What is required>
When you reach the line in the data below that contains "jeux et jouets", please start repeating lines exactly, and stop after the line that contains "Sakarya'nın Pamukova ilçesi", repeating nothing else.

Data provided>
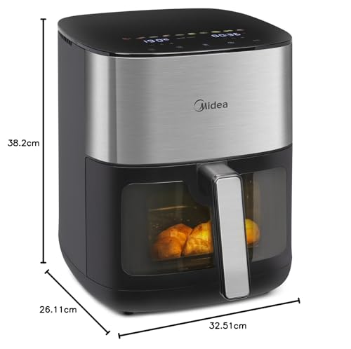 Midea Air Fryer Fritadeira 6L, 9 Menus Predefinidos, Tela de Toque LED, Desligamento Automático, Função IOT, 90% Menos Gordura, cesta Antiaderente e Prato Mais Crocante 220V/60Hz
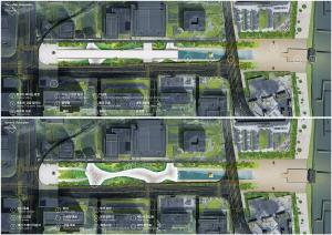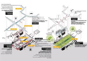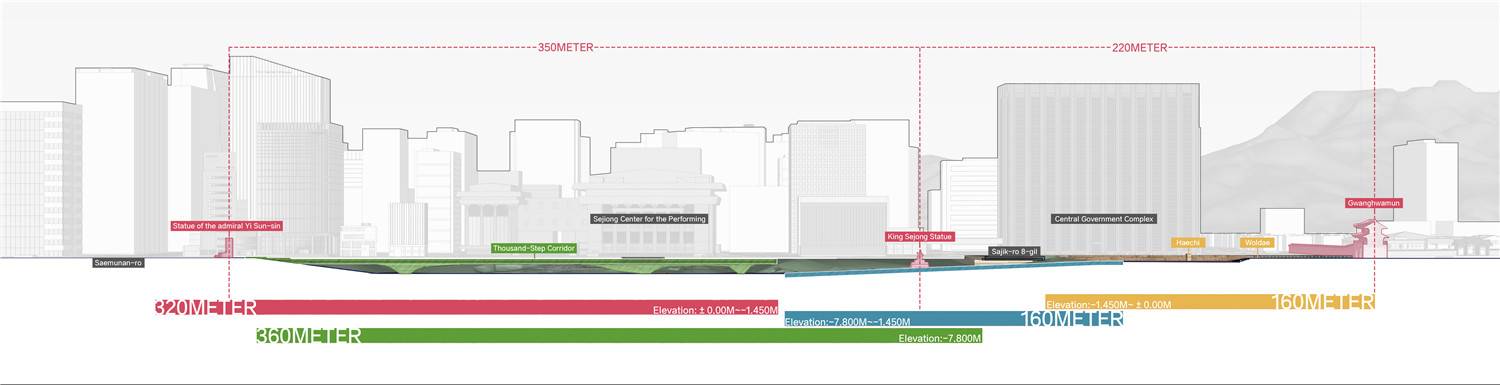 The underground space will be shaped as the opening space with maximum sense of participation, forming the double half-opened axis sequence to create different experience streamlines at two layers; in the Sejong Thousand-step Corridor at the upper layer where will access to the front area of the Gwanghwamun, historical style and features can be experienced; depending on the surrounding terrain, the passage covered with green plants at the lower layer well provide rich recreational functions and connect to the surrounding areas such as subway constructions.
* * *
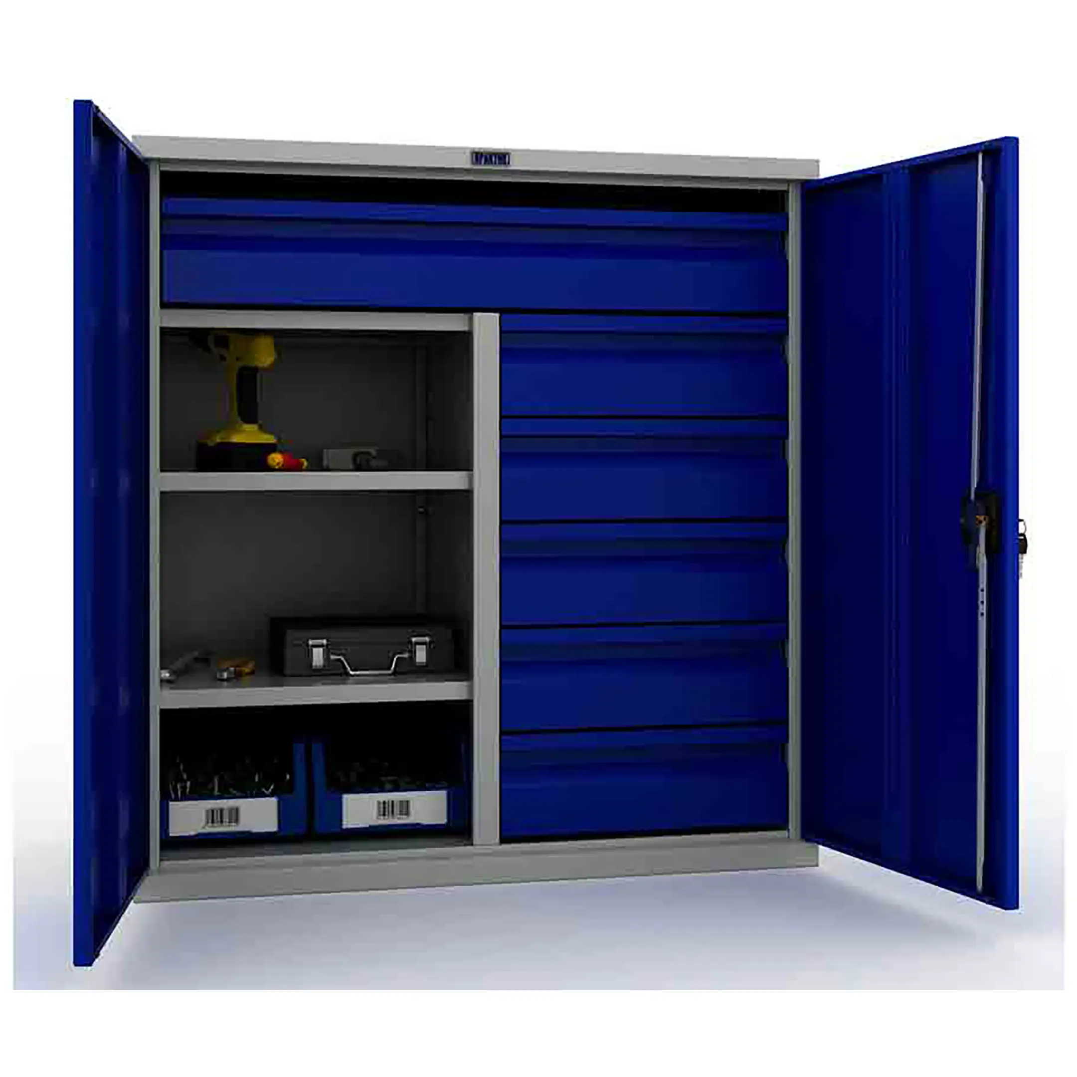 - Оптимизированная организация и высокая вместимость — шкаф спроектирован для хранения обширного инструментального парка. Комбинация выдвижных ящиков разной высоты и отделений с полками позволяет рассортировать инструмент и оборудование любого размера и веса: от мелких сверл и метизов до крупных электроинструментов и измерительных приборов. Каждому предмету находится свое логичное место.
* * *
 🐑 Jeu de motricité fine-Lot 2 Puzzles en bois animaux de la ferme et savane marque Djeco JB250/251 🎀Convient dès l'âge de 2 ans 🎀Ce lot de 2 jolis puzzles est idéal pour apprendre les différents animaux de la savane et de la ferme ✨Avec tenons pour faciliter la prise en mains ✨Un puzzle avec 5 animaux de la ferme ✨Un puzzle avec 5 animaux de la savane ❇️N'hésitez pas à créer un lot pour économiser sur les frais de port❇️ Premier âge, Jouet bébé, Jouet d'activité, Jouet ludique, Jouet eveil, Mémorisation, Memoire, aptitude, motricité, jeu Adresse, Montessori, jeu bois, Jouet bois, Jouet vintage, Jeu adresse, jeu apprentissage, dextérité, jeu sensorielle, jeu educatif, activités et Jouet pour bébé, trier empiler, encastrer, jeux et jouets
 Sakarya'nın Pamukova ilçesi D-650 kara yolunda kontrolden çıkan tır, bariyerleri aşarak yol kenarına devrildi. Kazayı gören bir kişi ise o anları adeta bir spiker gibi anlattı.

Exercise result>
 🐑 Jeu de motricité fine-Lot 2 Puzzles en bois animaux de la ferme et savane marque Djeco JB250/251 🎀Convient dès l'âge de 2 ans 🎀Ce lot de 2 jolis puzzles est idéal pour apprendre les différents animaux de la savane et de la ferme ✨Avec tenons pour faciliter la prise en mains ✨Un puzzle avec 5 animaux de la ferme ✨Un puzzle avec 5 animaux de la savane ❇️N'hésitez pas à créer un lot pour économiser sur les frais de port❇️ Premier âge, Jouet bébé, Jouet d'activité, Jouet ludique, Jouet eveil, Mémorisation, Memoire, aptitude, motricité, jeu Adresse, Montessori, jeu bois, Jouet bois, Jouet vintage, Jeu adresse, jeu apprentissage, dextérité, jeu sensorielle, jeu educatif, activités et Jouet pour bébé, trier empiler, encastrer, jeux et jouets
 Sakarya'nın Pamukova ilçesi D-650 kara yolunda kontrolden çıkan tır, bariyerleri aşarak yol kenarına devrildi. Kazayı gören bir kişi ise o anları adeta bir spiker gibi anlattı.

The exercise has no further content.